Cover for DETECTIVE COMICS No. 29 (July ’39); cover art: Bob Kane; on sale June 13th, 1939. Batman Meets Doctor Death–the first script from Gardner Fox on Batman, replacing Bill Finger.
Unbeknownst to Vin, the idea for that costume along with many other concepts and the script itself had come from Bill Finger.
After a couple of issues of stories by (uncredited) Bill Finger with Bob Kane art, Sullivan’s friend and trusted story teller, Gardner Fox, was brought in to script the next several stories, before Bob Kane got Finger reinstated as the Batman writer.
Despite his successes at DC, Vin Sullivan became uncomfortable working for Donenfeld and Liebowitz–their way of doing business rubbed Sullivan the wrong way and so Vin is out of there by the beginning of 1940.
Not to take anything away from the actual creators of Superman and Batman, but Vin must have had some influence, as the two features begin to change as soon as he departs. New editor, old Whitney Ellsworth–now returned from the west coast–takes over as the managing editor and oversees several changes.
Meanwhile, Vin Sullivan moves on to other publishing ventures.
The McNaught Newspaper Syndicate was starting up a new comic book publishing company, Columbia Comics, and they hired Vin to edit their line. There are some notable titles from Columbia, but Sullivan becomes weary with that publisher, as well, so, in 1943, he founds his own funny book business, the venerable Magazine Enterprises, which would have much success for the next decade.

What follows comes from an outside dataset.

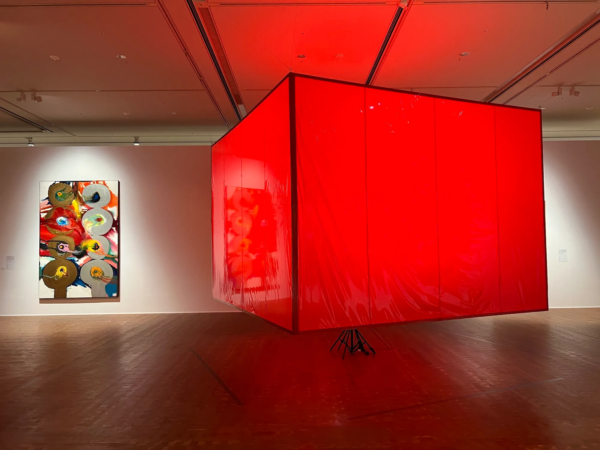 大阪中之島美術館「すべて未知の世界へ ー GUTAI 分化と統合」展示風景より。中央は田中敦子《作品》(1961、大阪中之島美術館蔵)
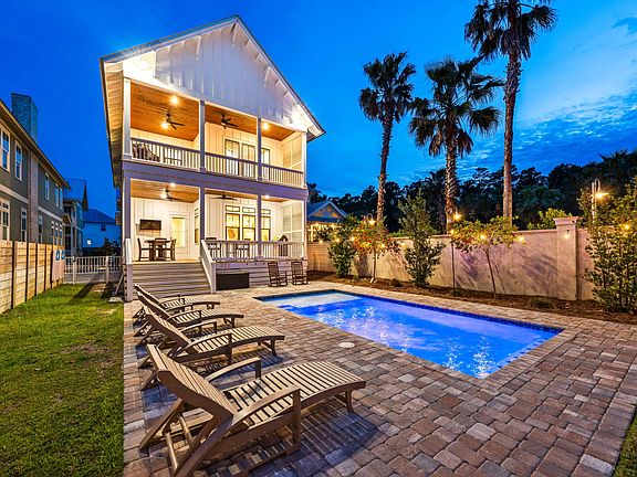 Experience waterfront luxury living at its finest with this breathtaking Inlet Beach retreat nestled along the serene shores of Lake Powell mere moments from the beach and excellent dining, shopping, and activities. Boasting a 4-bedroom, 4.5-bathroom primary residence along with a separate 1-bedroom, 1-bathroom carriage home, private saltwater swimming pool, and private dock, this property is a haven for those who cherish a waterfront lifestyle. Step into a coastal oasis where every detail exudes tranquility and elegance. The main home welcomes you with warm toned hardwood floors, natural brick accent walls, and transom windows that bathe the interiors in natural light. Entertain effortlessly in the chef-inspired kitchen, featuring a magnificent waterfall marble island, high-end stainless-steel appliances, and custom white cabinetry. A porch overlooks the private saltwater swimming pool, complete with a sun shelf and paver patio, offering the perfect spot for relaxation and enjoyment. A generously sized guest bedroom with an ensuite bath and a stylish powder room also located on the first level.

Many of Sullivan’s trusted talents–Gardner Fox, Fred Guardineer, Creig Flessel, as well as others Vin had encouraged along the way, like Bob Powell–came to work for him at ME. Proving the strong loyalty he fostered in others.
BEST OF THE WEST No. 6 (December ’52); art: Dick Ayers, Frank Bolle, Fred Meagher–featuring Straight Arrow, Durango Kid, Tim Holt, Ghost Rider. Tiger by the Tail, CAVEGIRL No. 11 (1953); story: Gardner Fox; art: Bob Powell.
Even Siegel and Shuster found a publisher in Sullivan, after they had left DC under difficult circumstances. ME published the comic book of their FUNNY MAN, which was also a syndicated newspaper strip. However, the concept never caught on and Sullivan probably lost money on the deal.
FUNNY MAN No. 1 (January ’48); story: Jerry Siegel; art: Joe Shuster and John Sikela. Funny Man seems to be modelled after Danny Kaye.
Yet it was thanks in part to Funny Man that Sullivan hired one of his most productive talents, Dick Ayers. While visting Burne Hogarth’s Cartoonists and Illustrators School, where Ayers was a student, Joe Shuster saw some of Dick’s work and had him draw some pages of Funny Man and then sent Ayers to Magazine Enterprises, where Sullivan gave him work on his books.
What goes around, comes around.
More information on Vin Sullivan can be found in ALTER EGO No. 10 (September 2001) and No. 27 (August 2003).